>>>>>
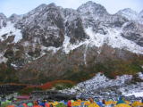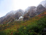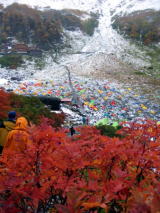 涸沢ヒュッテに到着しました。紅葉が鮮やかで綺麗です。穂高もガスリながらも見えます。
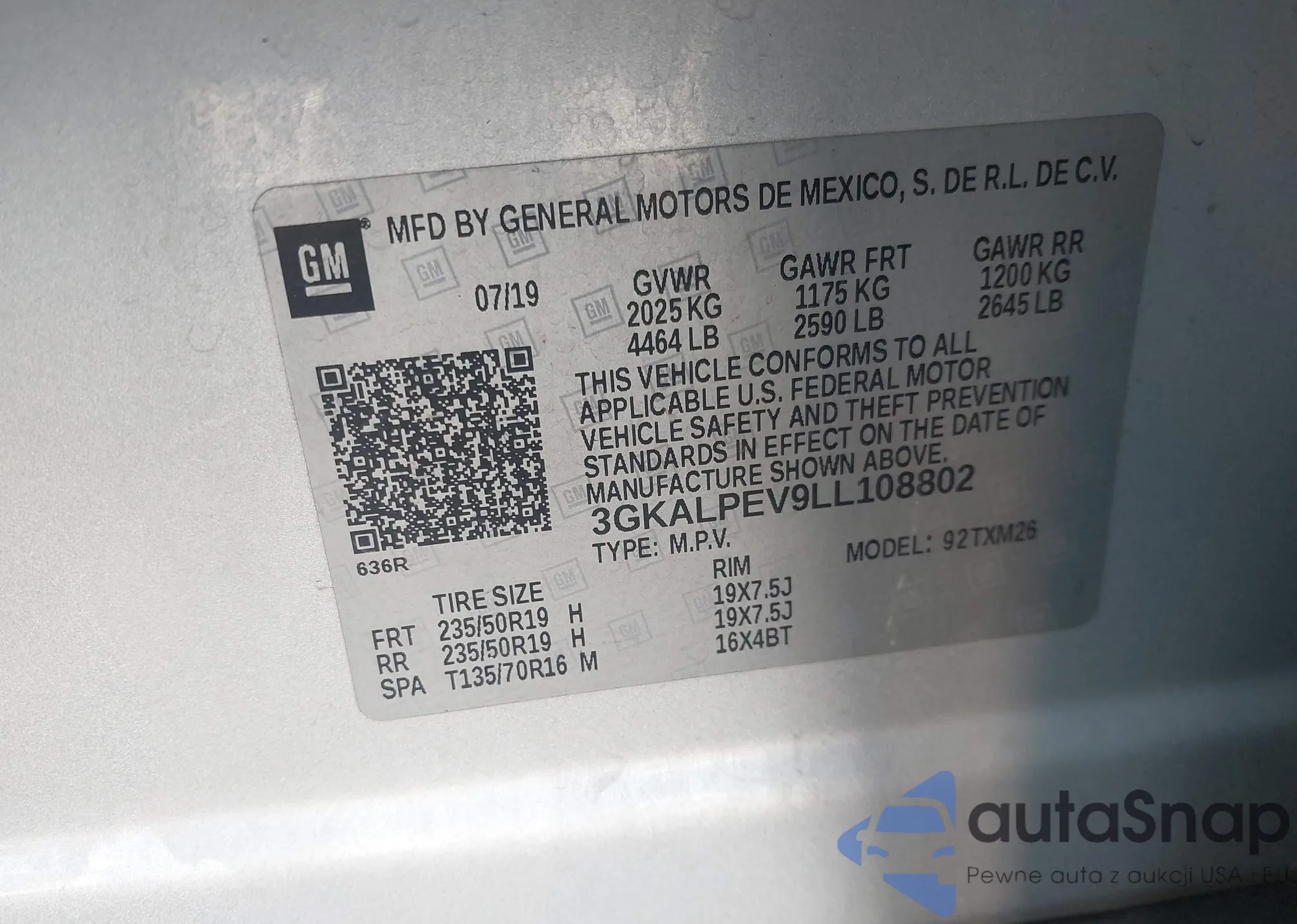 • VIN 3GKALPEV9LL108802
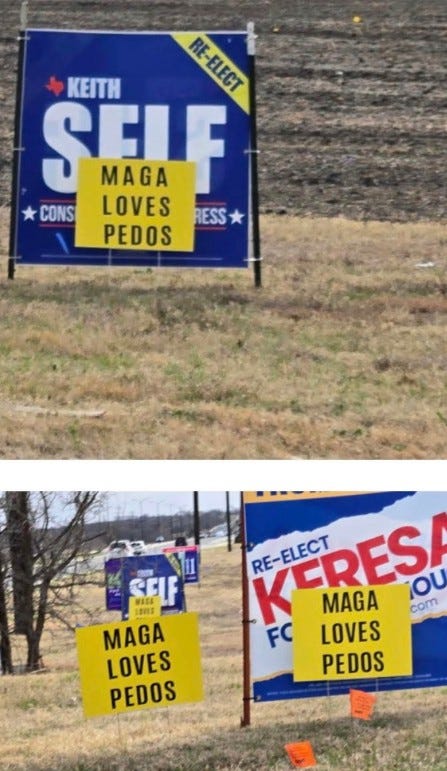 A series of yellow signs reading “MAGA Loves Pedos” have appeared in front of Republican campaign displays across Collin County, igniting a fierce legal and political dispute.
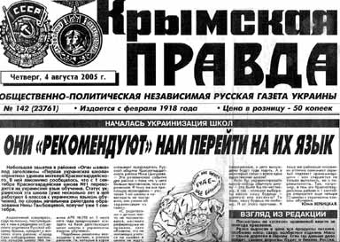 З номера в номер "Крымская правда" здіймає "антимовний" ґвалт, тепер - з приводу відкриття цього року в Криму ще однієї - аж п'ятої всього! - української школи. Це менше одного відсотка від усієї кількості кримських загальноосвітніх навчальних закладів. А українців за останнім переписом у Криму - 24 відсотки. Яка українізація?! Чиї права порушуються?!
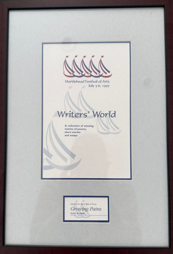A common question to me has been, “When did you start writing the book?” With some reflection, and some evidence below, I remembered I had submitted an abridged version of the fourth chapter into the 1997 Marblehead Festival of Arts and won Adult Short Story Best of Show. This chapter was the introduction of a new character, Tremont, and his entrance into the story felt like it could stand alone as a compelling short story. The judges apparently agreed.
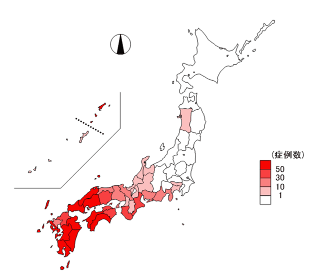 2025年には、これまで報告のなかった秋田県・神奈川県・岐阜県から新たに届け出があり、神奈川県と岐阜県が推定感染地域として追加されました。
<<<<<
• **YOUR ASSIGNMENT**
Go from the first line of the data above to the line containing "З номера в номер" and retype exactly those lines, both included, but none of the pictures.

• **RESPONSE FOR THIS EXERCISE**
 涸沢ヒュッテに到着しました。紅葉が鮮やかで綺麗です。穂高もガスリながらも見えます。
 • VIN 3GKALPEV9LL108802
 A series of yellow signs reading “MAGA Loves Pedos” have appeared in front of Republican campaign displays across Collin County, igniting a fierce legal and political dispute.
 З номера в номер "Крымская правда" здіймає "антимовний" ґвалт, тепер - з приводу відкриття цього року в Криму ще однієї - аж п'ятої всього! - української школи. Це менше одного відсотка від усієї кількості кримських загальноосвітніх навчальних закладів. А українців за останнім переписом у Криму - 24 відсотки. Яка українізація?! Чиї права порушуються?!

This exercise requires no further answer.